Decisions in arbitration are final, whereas a mediator can only suggest a possible solution and cannot enforce it.

Mediation is entirely voluntary, and all parties involved must agree completely to the mediator who will handle the case.

The primary benefit of mediation is its swiftness and relative inexpensiveness.

Both arbitration and mediation routes tend to be faster and less expensive than suing for fraud in the courts.

Securities Arbitration

Filing a complaint with FINRA may not be enough to get compensation for financial losses, even if the broker is punished.

You may need to look beyond the FINRA Complaint Program to a dispute resolution method known as FINRA arbitration, where one to three arbitrators review your evidence and make a determination on compensation.

To request a FINRA arbitration, you must file an arbitration claim, either online or through the mail, which consists of a Statement of Claim, a Submission Agreement, and payment of fees.

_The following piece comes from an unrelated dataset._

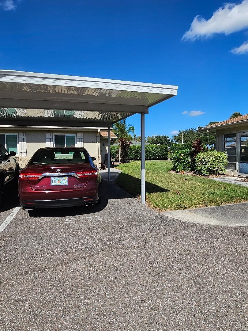 ENJOY LIFE AND THIS PROPERTY'S AMENTIES at one of the most desirable, active 55+ communities in the gated area of Sun City Center known as Kings Point. The Oxford floor plan features 2 bedrooms, 2 bathrooms, open kitchen with an island and stainless steel appliances, dining room, large living room, enclosed ( and under air) Florida Room, a large utility room , with covered parking and guest parking as well. Your inviting living room with plenty of space for guests has beautiful laminate floors and a lighted ceiling fan. The kitchen wall has been removed and opened up with an island , laminate flooring, pass through window, The dining room sits just outside the kitchen and fits a dining table with 4 chairs, laminate flooring. The enclosed Florida room is perfect for a den, wrap around windows with vertical blinds to let in the light, ceiling fan with lights and a side door to access the yard with its park-like setting. The laundry room has double doors to park your golf cart, houses a full size washer and dryer, pull down stairs to the attic ( for more storage), storage shelves and cabinets. Down the hallway the laminate floors flow and has an ample linen closet. The master bedroom is large enough to accommodate a king size bed, with a walk-in closet and extra storage chest, ceiling fan. large window with blinds and ensuite bathroom. The ensuite bathroom has a unique sink and vanity. The second bedroom is spacious enough for your guests with a built-in closet, large window with blinds and ceiling fan. The guest bathroom also has a unique sink and vanity, lights, mirrors, a tiled tub/shower, grab bars, and tile floor. Some of the interior of the home has been recently painted. All existing furniture is included. Kings Point boasts 2 clubhouses in this fabulous 55 and older community, each with an outdoor heated pool, indoor pool, exercise room, craft rooms, large screen TV, bar, food service, planned social activities and so much more. Maintenance includes building exterior, cable, internet, escrow reserves fund, ground maintenance, private road, recreational facilities, roof, security, water and sewer. It is centrally located to St Petersburg, Tampa, Sarasota and the beaches, and only a short hour drive to Orlando. Call today to see this beauty

Credit: youtube.com, What triggers a FINRA or SEC investigation? | Jenice L. Malecki

You'll be shown a disclosure report for all arbitrators, and you can rank and strike a certain number of arbitrators from the list.

Much of the proceedings are carried out and accessible online via FINRA's Dispute Resolution Portal.

Hiring a securities fraud attorney is highly recommended when requesting a FINRA arbitration.

FINRA arbitration decisions are final and imposed, whereas mediation is a lighter approach to dispute resolution that is voluntary for both parties.

Mediation is a faster and less expensive option, and both parties can choose to switch to mediation during the arbitration process.

To begin a FINRA mediation, one or both parties must request one via FINRA's "Initiate a Mediation" page, and it's entirely voluntary.

All parties involved must agree completely to the mediator who will handle the case.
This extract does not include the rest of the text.